Nowhere is this more evident than before the film’s heroes are sent to their execution. Captured in their attempt to rescue Kenobi from the clutches of Count Dooku, Anakin and Padme pledge their love for one another as Williams’s love theme plays under the bloodthirsty cheers of the Geonosian coliseum. The moment is an expected one from Skywalker, who spends most of the film making his feelings plain. For Amidala though, her confession is a sudden change of heart. Inexplicably, the character shifts from viewing their forbidden romance as “not possible” to heartbreakingly obvious. This is Attack of the Clones in microcosm, where “Across the Stars” is less a romance theme than the romance, padding an undercooked love story and a lack of chemistry between two its leads.

By and large, the events of the Prequels become foregone conclusions in Attack of the Clones, sapping any tension as George Lucas begins connecting the dots. Nothing feels like a surprise. Rare character beats that evolve organically — Williams calls back to both “Duel of the Fates” and “The Imperial March” when Anakin returns to Tatooine in search of his mother — are too little, too late, playing third fiddle to digital tinkering and Lucas’s making good on the prophecy of “the Chosen One.”

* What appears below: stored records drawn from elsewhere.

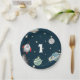 Outer space theme paper plates for your kid's first birthday celebration. The illustration has some planets, stars and a rocket. Illustrated and designed by Patricia Alvarez.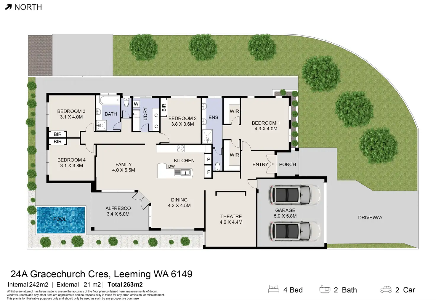 - Landscaped, fully reticulated gardens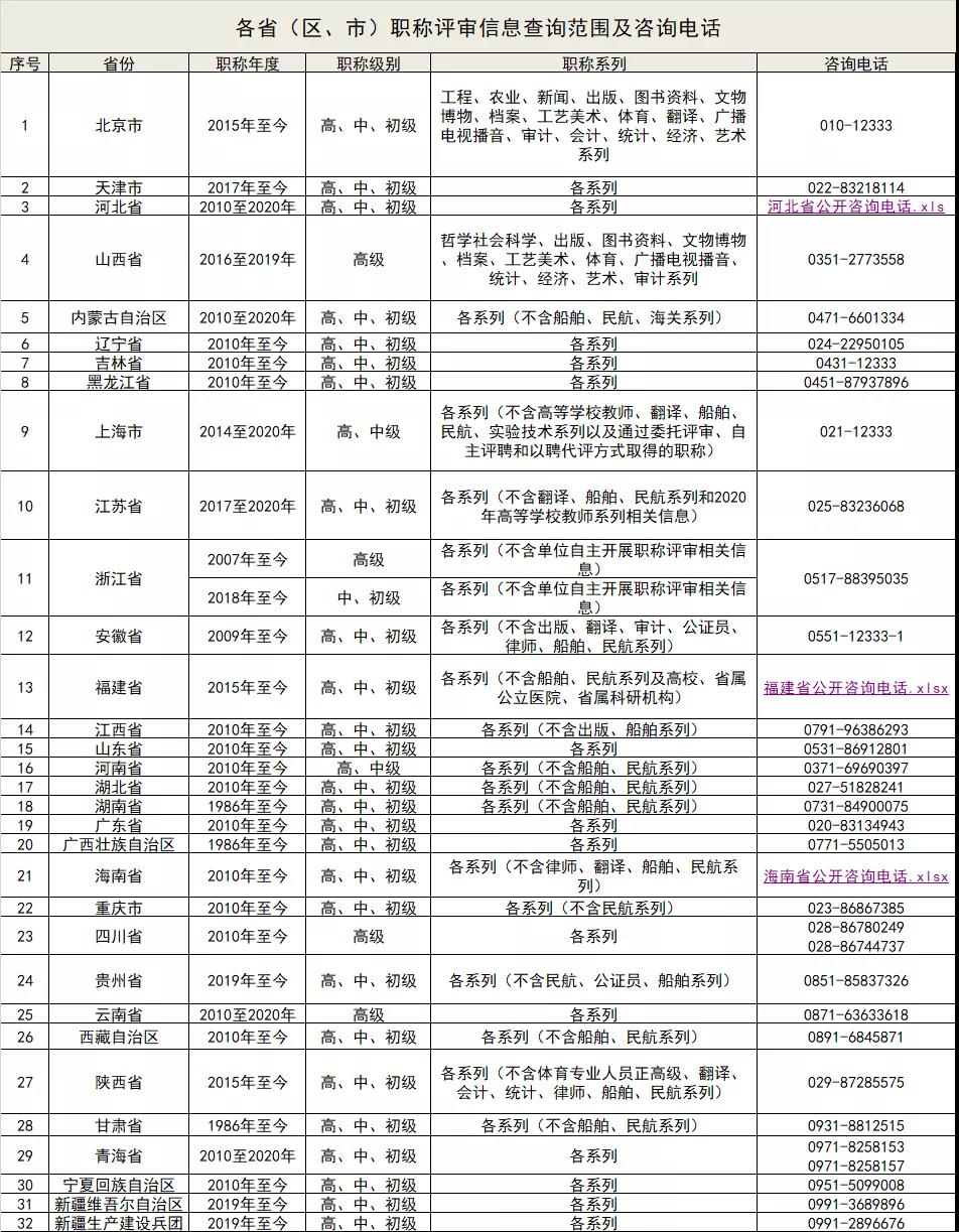 1.首批可供查询的职称评审信息范围及咨询电话详见《各省(区、市)职称评审信息查询范围及咨询电话》(附件1)。职称评审采取属地化管理,如对查询结果有疑问,可联系当地职称评审机构。
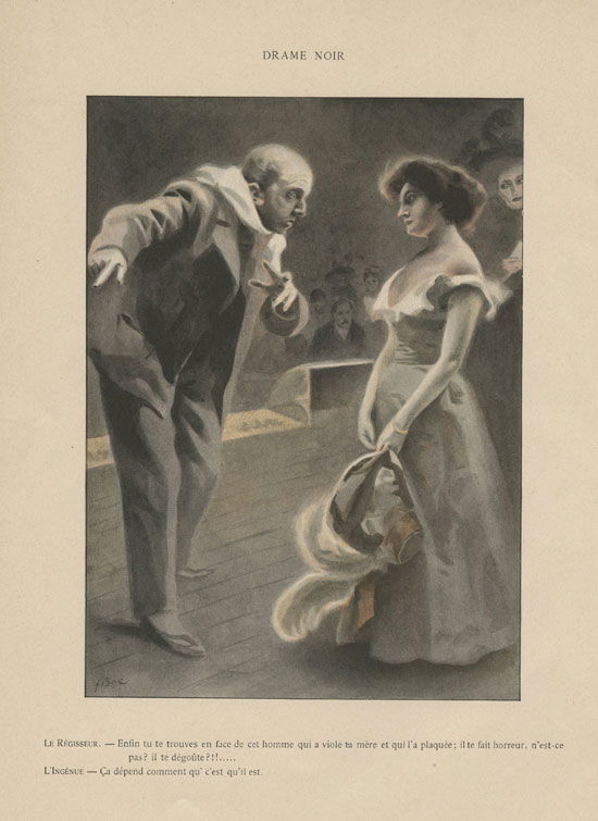 Drame noir Le régisseur : Enfin tu te trouves en face de cet homme qui a violé ta mère et qui l’a plaquée ; il te fait horreur, n’est-ce pas ? il te dégoûte ?88… L’ingénue : ça dépend comment qu’c’est qu’il est.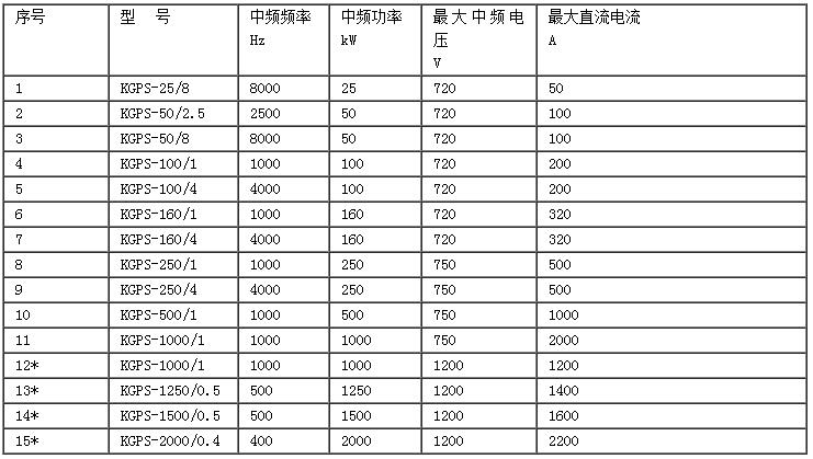 KGPS中频电源技术参数

As the older film by 22 years, The Empire Strikes Back‘s organic narrative also makes it the superior one, evolving Luke’s intrepid heroism and, more importantly, developing its own romance between Han Solo and Princess Leia. John Williams gives this arc its own theme, too, with a soaring melody that seems to stretches out with tempered optimism. If “The Imperial March” looms in the background of Empire, then Williams is planting “Han Solo and the Princess” squarely in the fore, the platonic ideal of the Rebellion and its embattled struggle for change.

It’s organic, too. Add another feather to John Williams’s cap because “Han Solo and the Princess” is rooted in the same two-note motive of its musical predecessor, “Princess Leia’s Theme.” Quite literally, the music in Empire matures out of the themes in A New Hope, embellishing the framework of its arrangements and moving in-step with George Lucas’s accompanying story.

Empire‘s music is both a ringing endorsement of the old and a damning indictment against the new. Attack of the Clones continues to operate outside of the Prequels’ cookie-cutter story beats, telling a different narrative altogether. Unlike The Phantom Menace, this time the music has become the story, a comparatively richer and more substantive opus than the flat intrigue and failed romance it’s meant to add to. In a film where armies are ordered in secret and intergalactic scandal runs rampant, the biggest conspiracy in Attack of the Clones might be that its music is the one pulling all the strings.